İşin aslı!
AKP, dokuz milyar maliyetle 48 yeni cezaevi yaptıracakmış. Biri sosyal medyadan yazmış: “Umarım mahkûm garantisi vermemişlerdir yüklenici firmaya” diye. Seçimlerden sonra yinelenen “Ülke artık gerçek gündemine dönmeli” çağrısının saçmalığı iyice ortaya çıkıyor...
Bundan daha önemli gündem olur mu? Gerçeği arayan, muhalefet eden, ses yükselten herkes için hazırlıklar başlamış anlaşılan.

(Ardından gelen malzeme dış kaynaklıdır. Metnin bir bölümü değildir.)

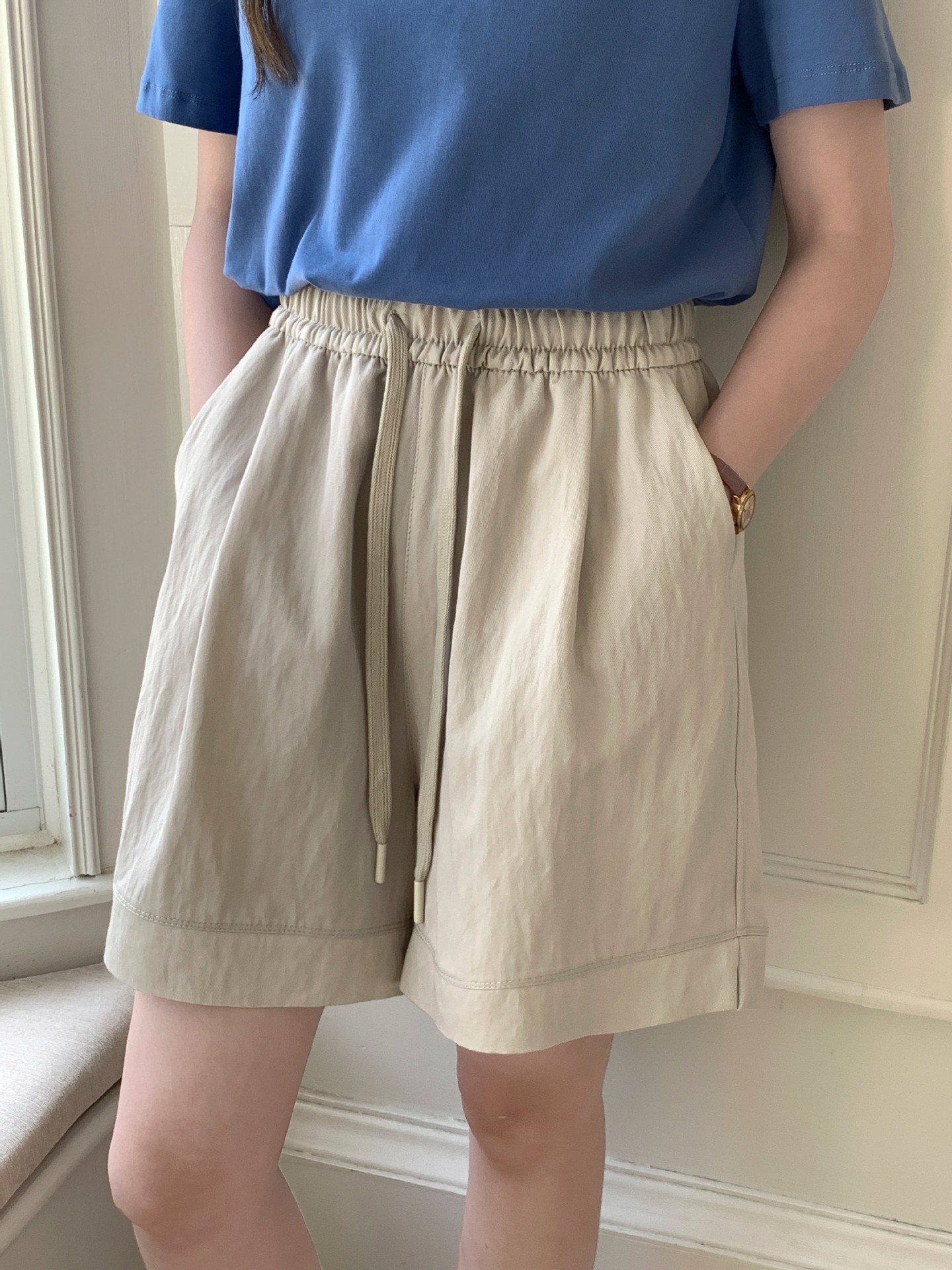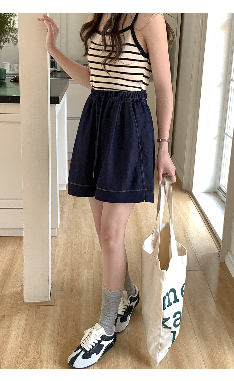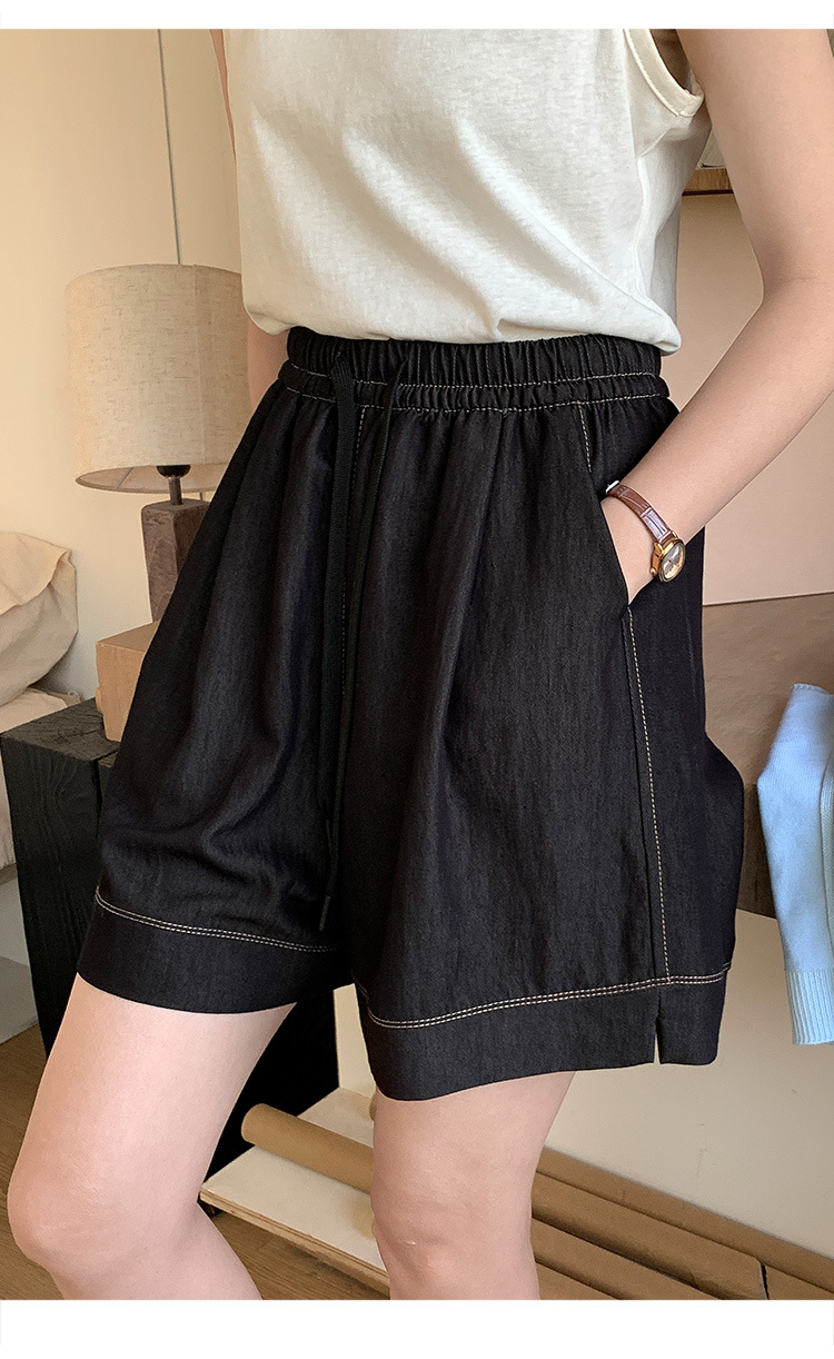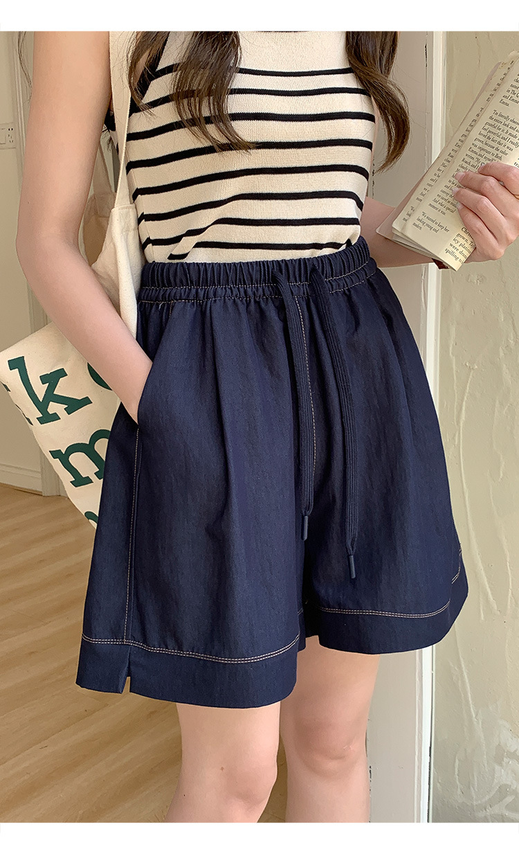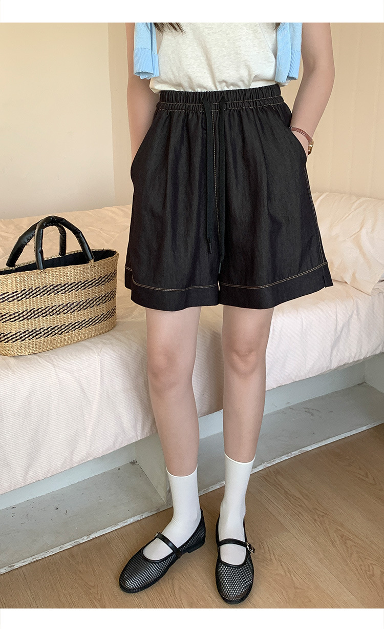2026 여름 여성용 면 혼방 박시핏 반바지, 레트로 클래식 스타일, 끈으로 조절 가능한 하이웨이스트, 헐렁한 캐주얼 화이트 핫팬츠스토어 가기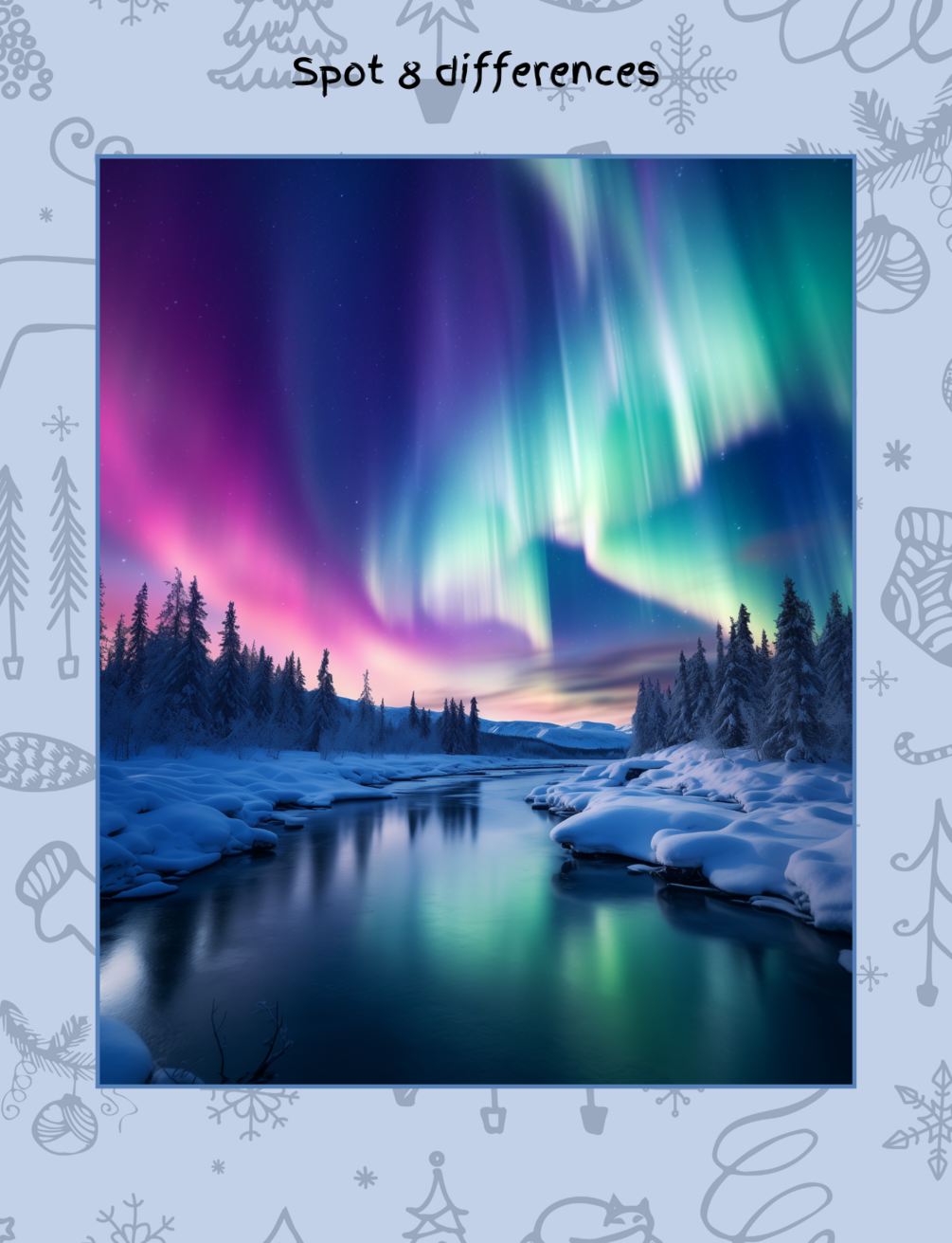 Welcome to "Spot the Difference - Winter Edition", where 40 enchanting puzzles await to transport you into the heart of winter's magic. Each carefully crafted puzzle brings to life the serene beauty and festive spirit of the season, offering a unique blend of challenge and delight for puzzle enthusiasts of all ages.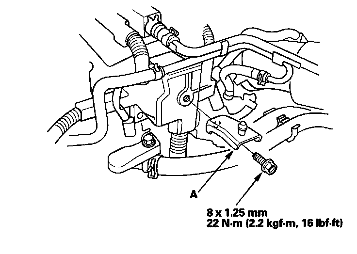 23. Install the steering gearbox stiffener (A), then tighten the steering gearbox mounting bolt and stiffener bolt.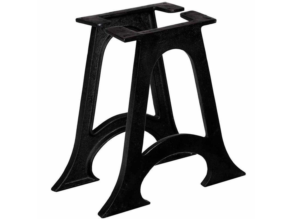 Nohy jsou vyrobeny z masivní litiny, která byla vyleštěná, natřená a nalakovaná. Díky tomu jsou pevné a hodně toho vydrží. Protože jsou navrženy ve tvaru písmene A a spojuje je příčka, unesou i těžkou desku. Každá z nich je zakončena montážní podložkou, do které jsou navrtané díry. Montáž desky je proto rychlá a jednoduchá.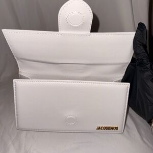 Authentic Jacquemus Le Chiquito Long bag in sleek white leather with gold-tone hardware. This structured mini top-handle bag features a removable and adjustable shoulder strap for versatile styling – wear it as a crossbody or carry it by the handle for a chic, elevated look.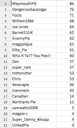 WeymouthPIE, Dan, Chris, nottsnutter, magpiejue, Joe Jones & Who R Ya?? YP!! - 1 point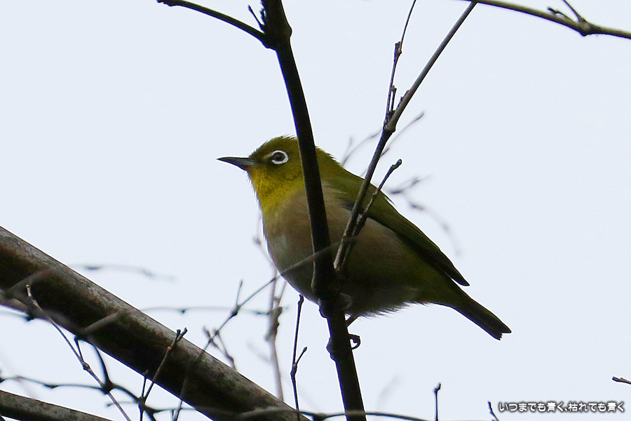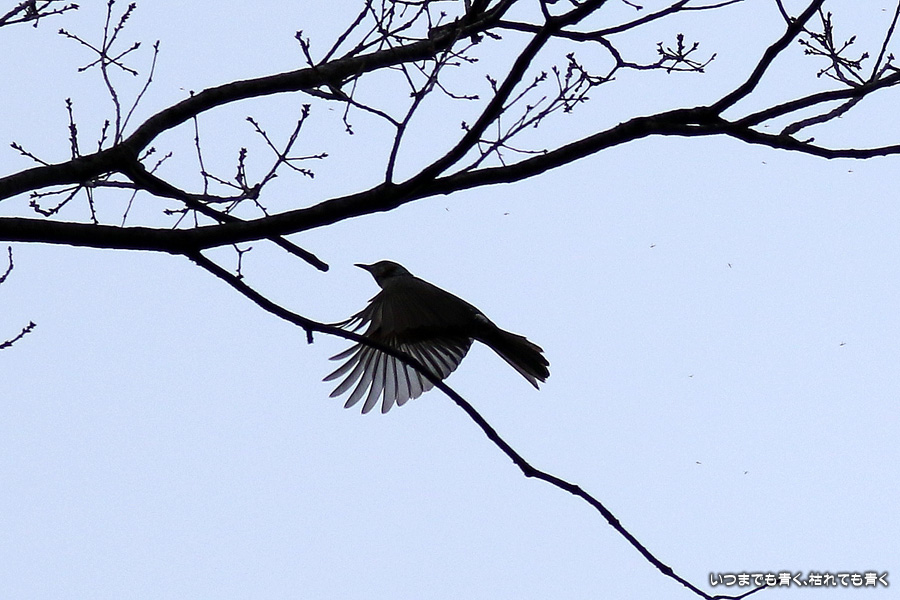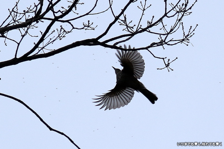 冬の夕刻の曇り空ということで撮影条件は良くありませんでした。メジロやジョウビタキにも会うことができましたがうまく撮れませんでした。羽根を広げて空を飛んでいる写真はすべてヒヨドリです。

Bilmez değilim: “İktisadi kriz” öncelikli demeye getiriyor bunu söyleyenler, tamam da, bu “kriz” kendiliğinden mi çıkıyor? “Başkanlık” denen, eşi benzeri görülmemiş tuhaf düzene kökten karşı durmazsanız, olsa olsa yalancı itirazın sözcüsü haline gelirsiniz. Bir yerden para bulunup şırınga edilse sisteme ve bu “sadaka” uygulamaları devam etse, sorun aşılacak mı? Damat sordu ya: “Yapısal reform dediğiniz nedir?” diye, ben de merak ediyorum. Çürümüş piyasa düzeninin nesini onaracaksınız; başka türlü söylersek, hangi siyasi yapı AKP’den daha iyi sermaye bekçiliği yapabilir?
Kimin krizi?
“Türk Tipi Başkanlık Sistemi” küresel sermayenin dilediği gibi at oynatması için uygundur. Bugün muhalif gibi görünen kesimlerin temel itirazı bu sömürü düzenine değildir.